Simile alle nostre regioni meridionali come vegetazione, la terra dei Fenici ha conosciuto una diaspora senza precedenti durante il periodo ottomano.
E’ uno dei pochi Paesi al mondo e forse l’unico dove ci sono più cittadini all’estero che nei confini nazionali.
Con il commercio nel sangue molti libanesi si sono stanziati in sudamerica, specie in Brasile, dove esiste la comunità più numerosa. Anche in Italia ci sono tanti libanesi, così come nella lontana Australia fino a tutta l’Africa Nera, specie nella regione occidentale.
E’ lì, In Benin, che ho apprezzato questo popolo dalla ricca tradizione e cultura, pieno di fede e squisito senso dell’ospitalità mediterranea. Più volte sono stato in Libano e ogni visita mi ha sempre lasciato emozioni e ammirazione.

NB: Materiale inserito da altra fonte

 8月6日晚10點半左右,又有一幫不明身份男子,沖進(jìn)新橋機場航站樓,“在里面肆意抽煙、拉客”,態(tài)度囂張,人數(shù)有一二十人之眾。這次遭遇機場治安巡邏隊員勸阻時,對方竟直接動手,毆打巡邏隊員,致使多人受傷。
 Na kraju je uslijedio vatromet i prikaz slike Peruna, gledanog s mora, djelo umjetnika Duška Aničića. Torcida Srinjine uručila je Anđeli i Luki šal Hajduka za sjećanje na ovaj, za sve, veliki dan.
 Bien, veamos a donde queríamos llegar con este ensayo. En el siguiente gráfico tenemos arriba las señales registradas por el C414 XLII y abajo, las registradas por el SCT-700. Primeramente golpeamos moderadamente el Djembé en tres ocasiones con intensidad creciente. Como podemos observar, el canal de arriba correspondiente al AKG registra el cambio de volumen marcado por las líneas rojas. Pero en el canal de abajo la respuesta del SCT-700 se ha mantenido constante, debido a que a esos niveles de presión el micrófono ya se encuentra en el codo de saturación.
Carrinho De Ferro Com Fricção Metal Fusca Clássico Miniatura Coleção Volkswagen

Ieri sera ho subito chiamato i miei tanti amici del Libano per esprimere la mia vicinanza, la mia preghiera e la mia solidarietà. Queste persone faranno sempre parte della mia vita.

«Beirut, la sposa d’Oriente, Beirut, il faro d’Occidente, è ferita». È una «città devastata», ridotta come «uno scenario di guerra senza guerra». Così inizia l’appello lanciato dal Patriarca maronita Bechara Boutros Rai «agli Stati del mondo», dopo la «misteriosa esplosione» (questa l’emblematica espressione scelta dallo stesso Patriarca) avvenuta martedì 4 agosto nel porto della capitale libanese, con bilancio provvisorio di più di cento morti e migliaia di feriti.

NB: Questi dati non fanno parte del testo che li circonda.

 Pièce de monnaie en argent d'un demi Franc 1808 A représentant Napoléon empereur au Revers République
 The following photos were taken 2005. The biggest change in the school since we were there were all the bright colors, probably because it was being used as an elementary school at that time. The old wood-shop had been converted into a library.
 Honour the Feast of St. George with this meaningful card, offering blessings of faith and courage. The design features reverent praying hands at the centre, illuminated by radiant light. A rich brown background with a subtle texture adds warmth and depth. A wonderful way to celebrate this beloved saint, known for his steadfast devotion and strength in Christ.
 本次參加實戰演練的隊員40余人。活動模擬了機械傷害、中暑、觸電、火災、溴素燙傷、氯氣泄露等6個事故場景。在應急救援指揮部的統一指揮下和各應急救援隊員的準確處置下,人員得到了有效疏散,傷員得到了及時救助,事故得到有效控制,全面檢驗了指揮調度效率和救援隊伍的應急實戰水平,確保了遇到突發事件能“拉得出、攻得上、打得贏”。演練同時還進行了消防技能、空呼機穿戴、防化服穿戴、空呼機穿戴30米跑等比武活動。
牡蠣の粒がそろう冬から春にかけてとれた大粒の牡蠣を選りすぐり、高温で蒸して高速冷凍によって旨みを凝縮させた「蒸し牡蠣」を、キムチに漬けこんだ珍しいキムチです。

L’evento devastante – ripete il cardinale libanese – ha sventrato la città, spargendo morte e devastazione, distrugendo ospedali, case, chiese e moschee, alberghi e negozi. E ciò – incalza il Patriarca – avviene proprio mentre lo Stato libanese «si trova in una situazione di bancarotta economica e finanziaria che lo rende incapace di affrontare questa catastrofe», con il popolo ridotto «in condizione di povertà e miseria».
La Chiesa – riferisce il cardinale – ha istituito una rete di soccorso in tutto il territorio libanese, ma l’emergenza è tale che ogni sforzo messo in atto dalla comunità nazionale risulta impari rispetto alla catastrofe che ha colpito il Paese dei Cedri. Per questo, a nome della Chiesa in Libano, il Patriarca Rai ringrazia anticipatamente «tutti gli Stati che hanno espresso la loro disponibilità ad aiutare Beirut», e si rivolge «a tutti gli Stati amici e fratelli», e a in particolare alle grandi Potenze e alle Nazioni Unite, chiedendo a tutti un aiuto immediato per la salvezza di Beirut, che prescinda da ogni considerazione e calcolo politico e geopolitico, «perché ciò che è accaduto va oltre la politica e va al di là dei conflitti». Il Libano, piegato negli ultimi anni da una sequenza di catastrofi di ordine politico, finanziario, economico e sul fronte della sicurezza nazionale – aggiunge il Patriarca maronita – ora «merita il sostegno dei suoi fratelli e amici, necessario per rimettere in piedi la sua capitale». Secondo il Patriarca Rai, la via più adeguata per far fronte allo stato di emergenza è quella di istituire un “fondo controllato dalle Nazioni Unite” per gestire gli aiuti. «Mi rivolgo a voi» conclude il Patriarca «perché so che amate il Libano e che risponderete a questo appello. Mi rivolgo a voi perché so quanto avete a cuore che il Libano riacquisti il suo ruolo storico al servizio dell’uomo, della democrazia e della pace in Medio Oriente e nel mondo».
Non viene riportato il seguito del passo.